## Exercise goal
Return the entries below word for word. No picture belongs in the copy.

## Record extracts

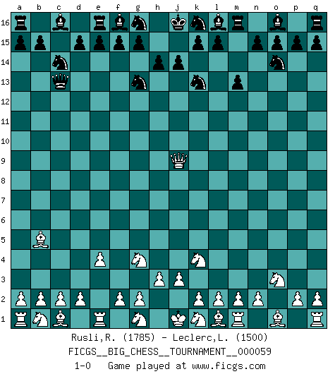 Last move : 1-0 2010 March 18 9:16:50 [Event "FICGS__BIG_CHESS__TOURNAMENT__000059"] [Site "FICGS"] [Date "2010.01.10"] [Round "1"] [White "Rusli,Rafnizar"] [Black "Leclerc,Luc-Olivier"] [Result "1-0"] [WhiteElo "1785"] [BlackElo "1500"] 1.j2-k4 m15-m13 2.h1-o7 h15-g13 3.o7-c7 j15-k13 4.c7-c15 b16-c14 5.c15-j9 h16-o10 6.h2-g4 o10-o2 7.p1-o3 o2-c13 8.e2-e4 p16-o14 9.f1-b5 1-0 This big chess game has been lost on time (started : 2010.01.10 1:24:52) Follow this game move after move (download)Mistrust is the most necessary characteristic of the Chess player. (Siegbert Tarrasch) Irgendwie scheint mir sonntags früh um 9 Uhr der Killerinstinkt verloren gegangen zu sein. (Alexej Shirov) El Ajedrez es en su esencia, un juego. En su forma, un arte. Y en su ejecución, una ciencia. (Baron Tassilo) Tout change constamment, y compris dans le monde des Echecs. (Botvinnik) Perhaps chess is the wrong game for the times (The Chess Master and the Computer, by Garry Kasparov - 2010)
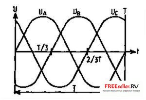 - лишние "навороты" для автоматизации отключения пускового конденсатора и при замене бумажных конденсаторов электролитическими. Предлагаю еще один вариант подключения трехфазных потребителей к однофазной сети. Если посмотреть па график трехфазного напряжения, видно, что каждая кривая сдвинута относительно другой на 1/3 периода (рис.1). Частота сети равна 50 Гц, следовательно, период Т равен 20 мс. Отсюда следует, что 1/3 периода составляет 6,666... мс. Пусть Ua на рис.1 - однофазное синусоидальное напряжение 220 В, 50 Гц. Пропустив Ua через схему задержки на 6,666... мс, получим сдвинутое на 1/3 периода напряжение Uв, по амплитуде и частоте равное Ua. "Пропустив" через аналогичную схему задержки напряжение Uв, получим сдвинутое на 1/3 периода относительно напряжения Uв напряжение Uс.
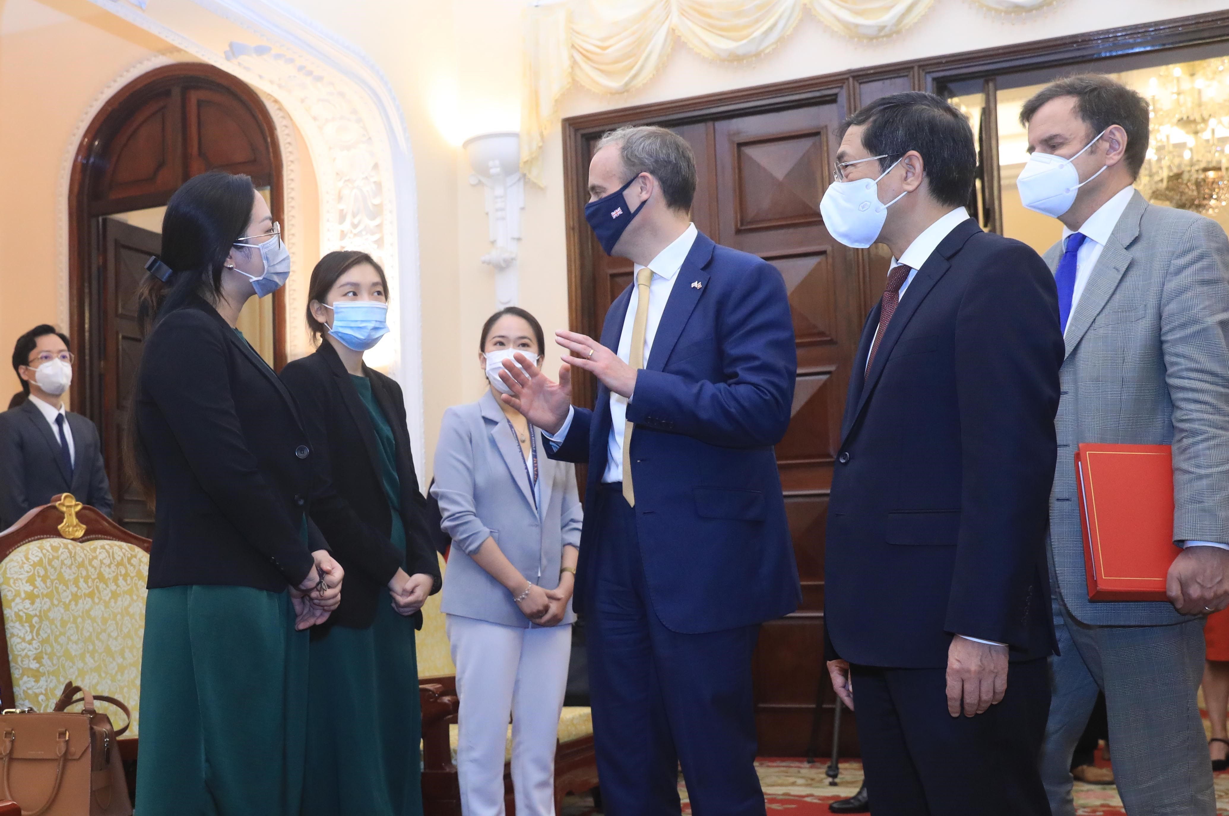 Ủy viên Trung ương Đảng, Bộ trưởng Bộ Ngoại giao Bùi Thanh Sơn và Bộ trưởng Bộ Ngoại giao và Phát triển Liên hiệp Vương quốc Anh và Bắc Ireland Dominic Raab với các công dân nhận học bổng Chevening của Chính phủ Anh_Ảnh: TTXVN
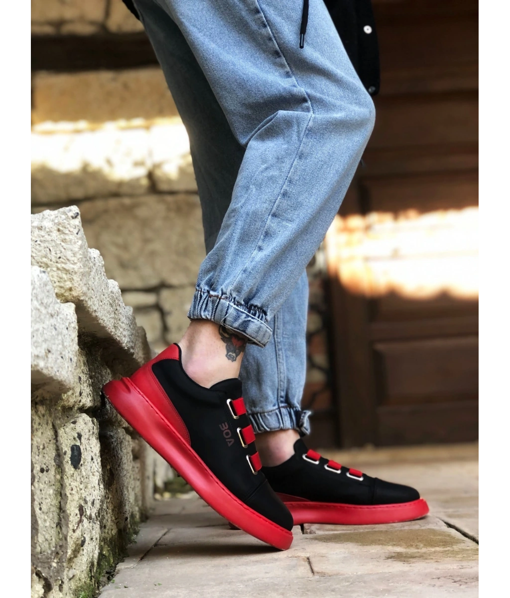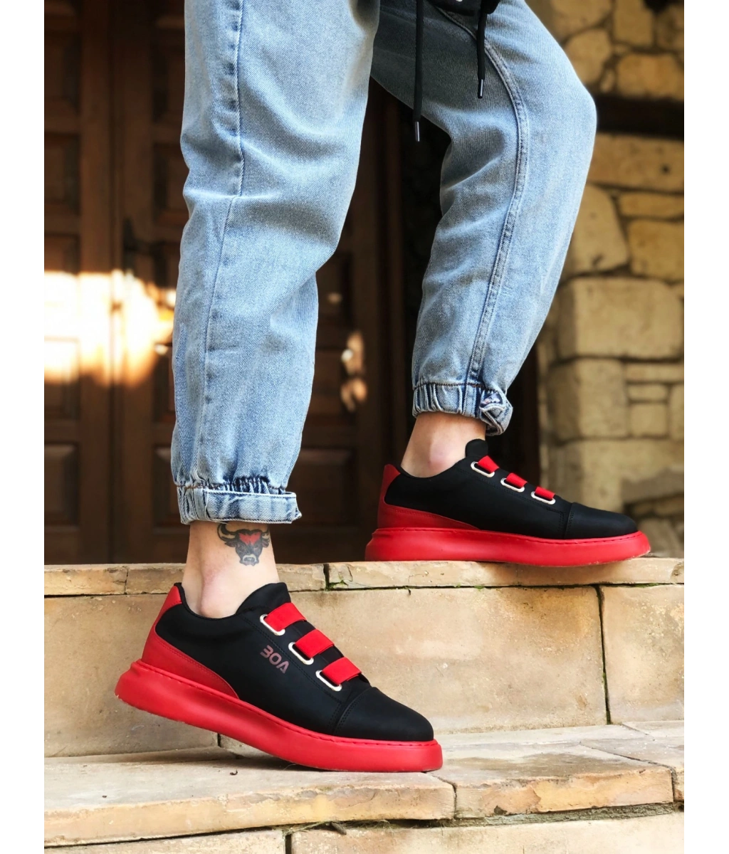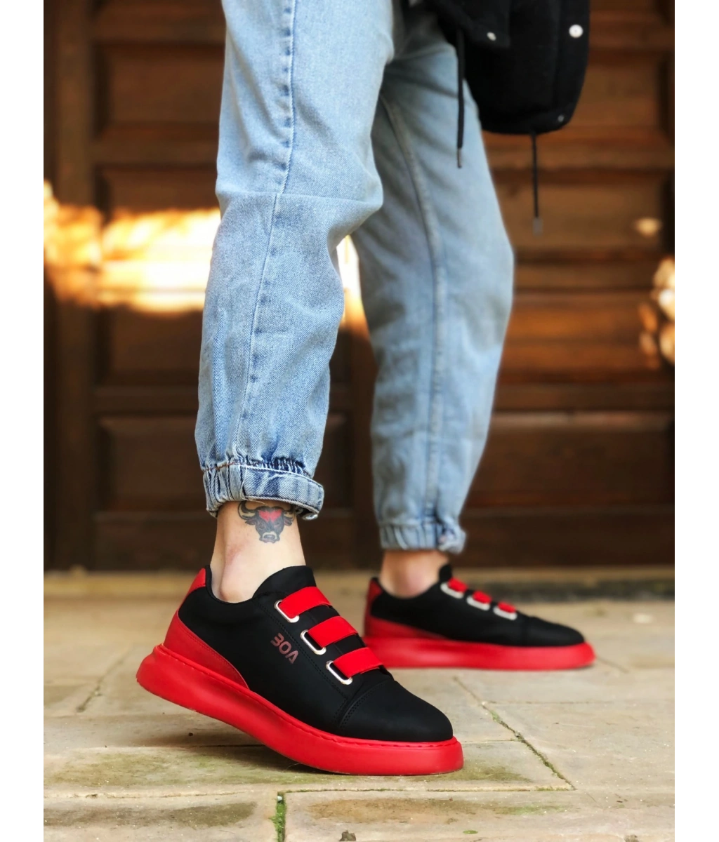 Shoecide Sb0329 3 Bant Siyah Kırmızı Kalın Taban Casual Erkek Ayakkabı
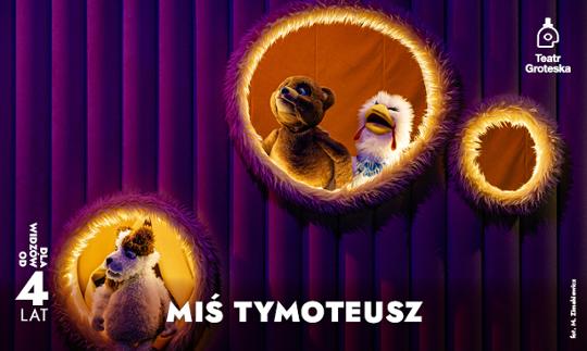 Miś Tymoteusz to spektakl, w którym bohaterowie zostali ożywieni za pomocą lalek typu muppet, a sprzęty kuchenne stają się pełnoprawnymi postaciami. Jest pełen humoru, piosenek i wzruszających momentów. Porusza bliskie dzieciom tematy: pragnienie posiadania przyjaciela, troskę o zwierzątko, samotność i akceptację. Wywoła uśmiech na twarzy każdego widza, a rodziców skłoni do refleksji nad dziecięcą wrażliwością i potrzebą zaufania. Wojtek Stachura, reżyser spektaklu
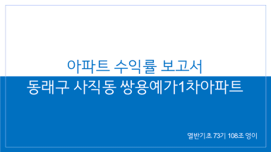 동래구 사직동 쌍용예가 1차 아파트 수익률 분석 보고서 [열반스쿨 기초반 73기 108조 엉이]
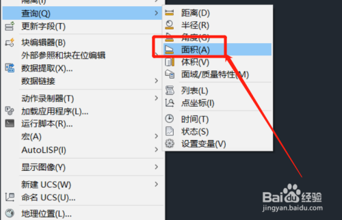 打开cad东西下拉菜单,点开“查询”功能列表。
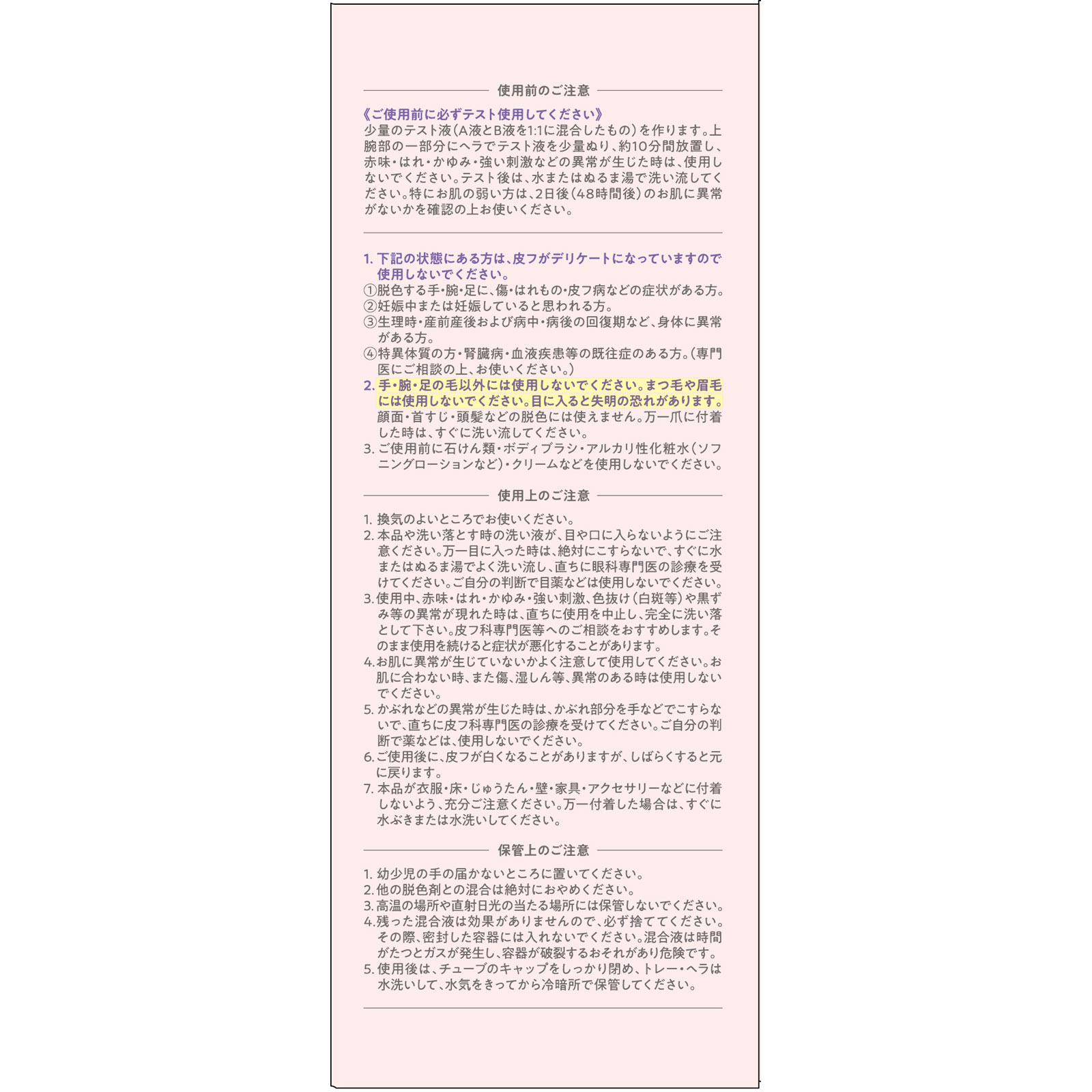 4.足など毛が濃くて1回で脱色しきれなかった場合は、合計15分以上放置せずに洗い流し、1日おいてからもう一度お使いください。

## Reply to the task
 Last move : 1-0 2010 March 18 9:16:50 [Event "FICGS__BIG_CHESS__TOURNAMENT__000059"] [Site "FICGS"] [Date "2010.01.10"] [Round "1"] [White "Rusli,Rafnizar"] [Black "Leclerc,Luc-Olivier"] [Result "1-0"] [WhiteElo "1785"] [BlackElo "1500"] 1.j2-k4 m15-m13 2.h1-o7 h15-g13 3.o7-c7 j15-k13 4.c7-c15 b16-c14 5.c15-j9 h16-o10 6.h2-g4 o10-o2 7.p1-o3 o2-c13 8.e2-e4 p16-o14 9.f1-b5 1-0 This big chess game has been lost on time (started : 2010.01.10 1:24:52) Follow this game move after move (download)Mistrust is the most necessary characteristic of the Chess player. (Siegbert Tarrasch) Irgendwie scheint mir sonntags früh um 9 Uhr der Killerinstinkt verloren gegangen zu sein. (Alexej Shirov) El Ajedrez es en su esencia, un juego. En su forma, un arte. Y en su ejecución, una ciencia. (Baron Tassilo) Tout change constamment, y compris dans le monde des Echecs. (Botvinnik) Perhaps chess is the wrong game for the times (The Chess Master and the Computer, by Garry Kasparov - 2010)
 - лишние "навороты" для автоматизации отключения пускового конденсатора и при замене бумажных конденсаторов электролитическими. Предлагаю еще один вариант подключения трехфазных потребителей к однофазной сети. Если посмотреть па график трехфазного напряжения, видно, что каждая кривая сдвинута относительно другой на 1/3 периода (рис.1). Частота сети равна 50 Гц, следовательно, период Т равен 20 мс. Отсюда следует, что 1/3 периода составляет 6,666... мс. Пусть Ua на рис.1 - однофазное синусоидальное напряжение 220 В, 50 Гц. Пропустив Ua через схему задержки на 6,666... мс, получим сдвинутое на 1/3 периода напряжение Uв, по амплитуде и частоте равное Ua. "Пропустив" через аналогичную схему задержки напряжение Uв, получим сдвинутое на 1/3 периода относительно напряжения Uв напряжение Uс.
 Ủy viên Trung ương Đảng, Bộ trưởng Bộ Ngoại giao Bùi Thanh Sơn và Bộ trưởng Bộ Ngoại giao và Phát triển Liên hiệp Vương quốc Anh và Bắc Ireland Dominic Raab với các công dân nhận học bổng Chevening của Chính phủ Anh_Ảnh: TTXVN
 Shoecide Sb0329 3 Bant Siyah Kırmızı Kalın Taban Casual Erkek Ayakkabı
 Miś Tymoteusz to spektakl, w którym bohaterowie zostali ożywieni za pomocą lalek typu muppet, a sprzęty kuchenne stają się pełnoprawnymi postaciami. Jest pełen humoru, piosenek i wzruszających momentów. Porusza bliskie dzieciom tematy: pragnienie posiadania przyjaciela, troskę o zwierzątko, samotność i akceptację. Wywoła uśmiech na twarzy każdego widza, a rodziców skłoni do refleksji nad dziecięcą wrażliwością i potrzebą zaufania. Wojtek Stachura, reżyser spektaklu
 동래구 사직동 쌍용예가 1차 아파트 수익률 분석 보고서 [열반스쿨 기초반 73기 108조 엉이]
 打开cad东西下拉菜单,点开“查询”功能列表。
 4.足など毛が濃くて1回で脱色しきれなかった場合は、合計15分以上放置せずに洗い流し、1日おいてからもう一度お使いください。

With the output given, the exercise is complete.